The Securities Investor Protection Corp. (SIPC), which helps investors at failed brokerage firms, said Monday (Tuesday in Manila) it was liquidating Bernard Madoff Investment Securities LLC.

“It is clear that the customers of the Madoff firm need the protections available under federal law,” said SIPC President and CEO Stephen Harbeck in a statement.

But, he warned, “It is unlikely that SIPC and the trustee will be able to transfer the customer accounts of the firm to a solvent brokerage firm” because of the state of the firm’s records.

Shares in Santander, the biggest bank in Spain and the second largest in Europe after HSBC, plunged after the lender said it had exposed more than $3 billion to Madoff Investment Securities in New York.

Fortis Bank Netherlands said it stood to lose up to $1.37 billion in the suspected scam, despite lacking direct exposure to the Madoff firm.

“If, as a result of the alleged fraud, the value of the assets of these funds is nil and the respective clients cannot meet their obligations, Fortis Bank Nederland [Holding] N.V.’s loss could amount to around 850 million euros to one billion euros [$1.17 billion to $1.37 billion],” the bank said in a statement.

Billions lost

British, French, Japanese and Spanish banks and funds said investments totaling billions of dollars could be wiped off their balance sheets in a scandal set to affect some of the world’s richest people.

“The potential exposure under these financing transactions is in the region of one billion US dollars,” the London-based HSBC said.

Royal Bank of Scotland said it could lose about $612 million.

France’s Natixis investment bank, already brought low by subprime losses, put its maximum exposure at $616 million.
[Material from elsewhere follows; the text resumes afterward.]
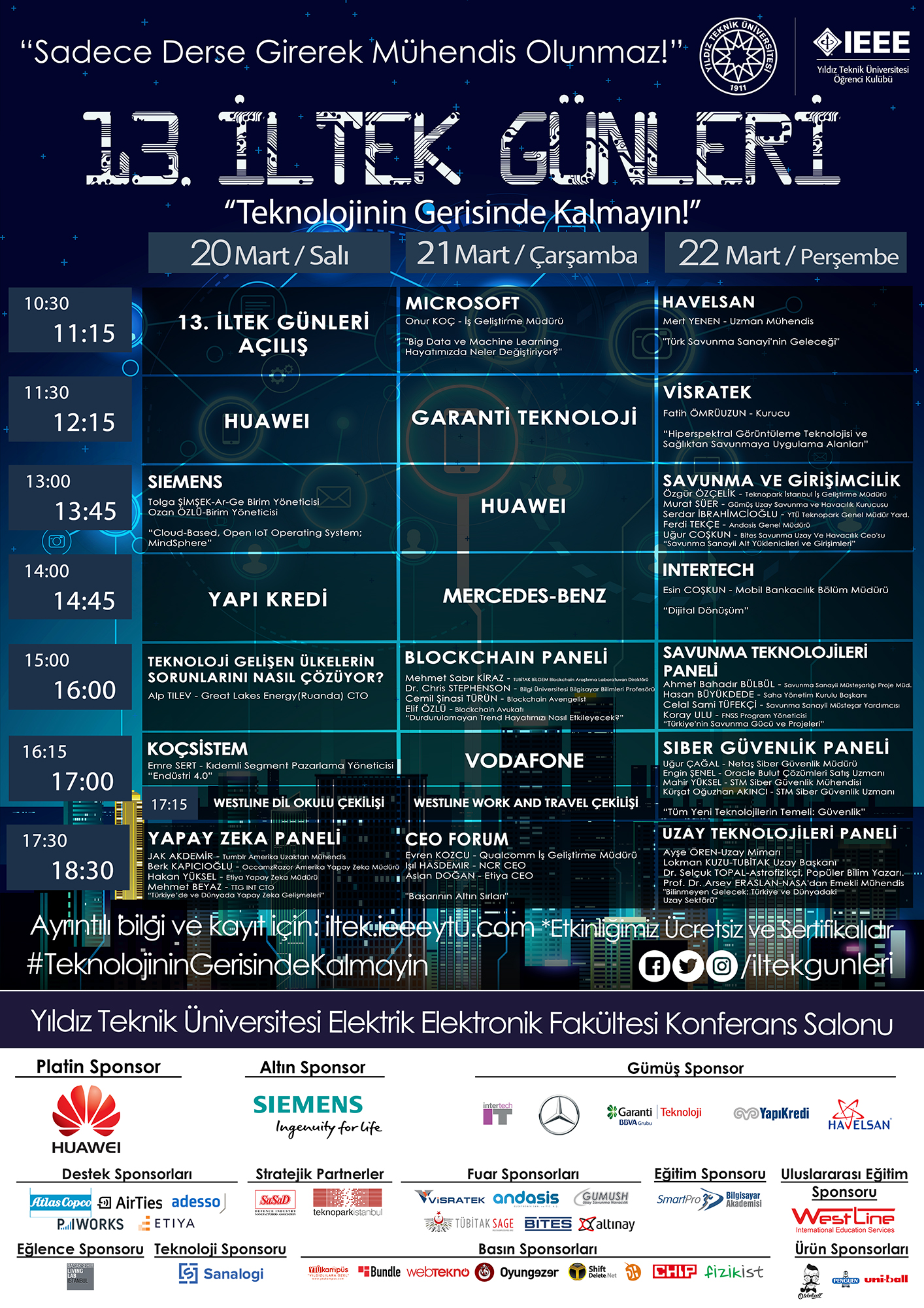 “Sadece Derse Girerek Mühendis Olunmaz!” sloganı ile YTÜ IEEE Öğrenci Kulübü; iletişim, bilişim, yazılım, savunma sanayii, elektronik ve telekomünikasyon sektörleri başta olmak üzere gelişen dünyanın trendlerini ve en güncel teknolojik gelişmelerini mercek altına alarak, bu sene 14.’sünü düzenlediği İLTEK Günleri ile teknoloji dünyasının dev isimlerini öğrencilerle buluşturacak. 14. İLTEK Günleri, 19-20-21 Mart 2019 tarihlerinde Davutpaşa Kampüsü Elektrik-Elektronik Fakültesi Konferans Salonu’nda gerçekleşecek.

Retail banking giant BNP Paribas revealed potential losses of $480 million.

Japanese financial giant Nomura said it could lose up to $303 million and officials in South Korea said financial institutions there had a total exposure of some $95 million.

Madoff arrested

Madoff, a 70-year-old Wall Street veteran, was arrested on Thursday, and allegedly confessed to defrauding investors of $50 billion in a scam that collapsed after clients asked for their money back because of the global financial crisis.
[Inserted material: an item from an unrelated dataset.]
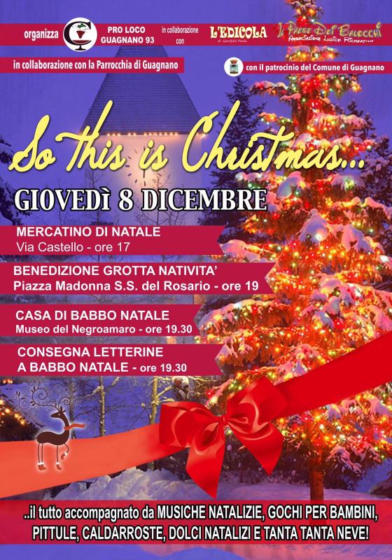 Si accende la magia del Natale a Guagnano (LE). Si chiama "So this is Christmas" ed è l'evento organizzato dalla Pro Loco Guagnano '93 in collaborazione con L'Edicola, Il Paese dei Balocchi e la Parrocchia S. Maria Assunta, in programma a Guagnano l'8 dicembre prossimo. Nel giorno dedicato alla Madonna Immacolata, a partire dalle 17, la piazza centrale del paese, il Museo del Negroamaro e via Castello si vestiranno a festa per inaugurare al meglio l'avvio delle festività natalizie.

International Monetary Fund chief Dominique Strauss-Kahn said he was shocked that US regulators had failed to identify and prevent the fraud.

“The surprise is not that there are some thieves in the system. The question is where were the police? It’s very surprising to find you’re living in a system where a failure of the regulatory system was so big,” he told a news conference in Madrid.

Banks have rushed to disclose potential losses in an apparent bid to avert any deepening of the suspicion that has frozen credit markets.

US authorities alleged that Madoff delivered consistently strong returns to clients by secretly using the principal investment from new investors to pay out other investors in what is known as a “pyramid fraud.”

US Vice President Dick Cheney said in a radio interview that the alleged scam by the former Nasdaq chairman was “very disturbing” but blamed a few “bad apples.”

The unraveling

The scheme apparently worked as long as Madoff could attract new investors but seems to have unraveled when some of his clients asked to withdraw their investment – only to discover that his seemingly brimming coffers were empty.

British investment fund Bramdean Alternatives Limited, which revealed it had invested about $31.2 million in Madoff’s company, said the scandal raised “fundamental questions” about the US financial regulatory system.

“It is astonishing that this apparent fraud seems to have been continuing for so long, possibly for decades, while investors have continued to invest more money into the Madoff funds in good faith,” the firm said in a statement.

More European banks

Spain’s El Pais newspaper reported the country’s second-biggest bank, BBVA, could lose around $686 million in the scam.

Italy’s biggest bank, UniCredit, said its exposure was around $103 million and one of its investment units may also have been indirectly affected.

Geneva’s private banks could lose up to $5 billion, Swiss newspaper Le Temps reported.